= Faheem Ansari =

Indian Muslim

Faheem Ansari, also known as Mohammad Faheem Ansari, is an Indian Muslim who was charged with involvement in the 2008 Mumbai attacks and was acquitted due to lack of evidence. Ansari, however was convicted for fake Pakistani passport forging and aiding in the attack of a Central Reserve Police Force camp in Uttar Pradesh. He was also charged with being a member of the Lashkar-e-Taiba (LeT), an Islamic terrorist organization. He was arrested in February 2009 along with five others, charged with these crimes and prosecuted, but was acquitted after being given benefit of doubt. The late Shahid Azmi was his lawyer and fought his case pro bono. Faheem Ansari was discharged by court in May 2010, a few months after Shahid Azmi's death by gunmen in February 2010. He was released after 12 years of detention because of a case, in which he was acquitted because of lack of evidence.

==Background==
Ansari's family was originally from Uttar Pradesh, but he was born and raised in Mumbai. He is married to Yasmin, with whom he has a daughter, Iqra.
 In 2007, he returned to Mumbai and stayed there for about three months. Though his parents and brothers were residing in the Goregaon suburb of the city, he made no attempt to contact them during his entire stay. He first stayed at a guest house in Grant Road, but after a few weeks rented a small accommodation. Ansari had initially planned on renting an accommodation in Colaba, but due to the high rent there, decided to settle at Grant Road.

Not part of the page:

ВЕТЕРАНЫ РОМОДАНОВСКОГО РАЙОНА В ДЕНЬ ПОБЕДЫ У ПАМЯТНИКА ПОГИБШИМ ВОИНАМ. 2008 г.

The Mumbai police alleged that Ansari did a reconnaissance of several prominent Mumbai landmarks, including the Mumbai Stock Exchange, the Mumbai police headquarters at Crawford Market, the Maharashtra police headquarters at Colaba, the Mahalakshmi Temple and the Siddhivinayak temple. Ansari went to the Taj Hotel and Oberoi Trident as a tourist and shot video footage of the interiors.

==Arrest==
On 10 February 2008, Uttar Pradesh police arrested Ansari along with five others. These included Pakistani nationals Romez alias "Amar Singh" and Sehwez alias "Ajay Malhotra" and Indian nationals Sohel, Sawauddin (or Sabauddin) Sanju and Baba Jung Bahadur. He was arrested for his involvement with an attack on a Central Reserve Police Force camp in Rampur on 31 December 2007, in which 7 paramilitary personnel and 1 civilian were killed. The interrogation revealed that Ansari had performed reconnaissance over twelve places in Mumbai, including government, police, transportation, tourist and financial sites over the course of two months. However, Ansari later alleged that the Mumbai police conveniently made him a scapegoat and deliberately falsified evidence against him.

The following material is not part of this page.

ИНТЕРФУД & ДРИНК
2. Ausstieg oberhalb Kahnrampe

==Alleged role in the Mumbai attacks and acquittal==
On 31 December 2008, Ansari, along with Sabahuddin Shaikh, was formally accused of aiding the November 2008 attackers in Bombay. The interrogation of Ajmal Qasab and of Ansari, revealed that none of the attackers had been in the city before the attacks, and acted solely on intelligence provided by Ansari. On 11 February 2010, his lawyer Shahid Azmi was murdered in what was suspected by authorities to be a professional contract killing. On 3 May 2010, Ansari and the co-accused Sabahuddin Shaikh were acquitted of any complicity in the attacks. In the acquittal, the Judge blasted the Bombay police for the case it made against him and Sabahuddin Shaikh. They were shifted from Arthur Road Jail to Uttar Pradesh to stand trial in connection with the CRPF camp attack at Rampur in 2007.

==Sexual harassment==
Advocate Ejaz Naqvi, the lawyer for Ansari, presented in court an allegation that a female FBI agent had removed all of Ansari's clothes and showed him pornographic films. Naqvi also requested that Ansari be taken for a medical examination. The court asked the Crime Branch to investigate and report by 26 February 2009, and ordered the medical examination. Ansari had earlier questioned the right of FBI agents to interrogate him.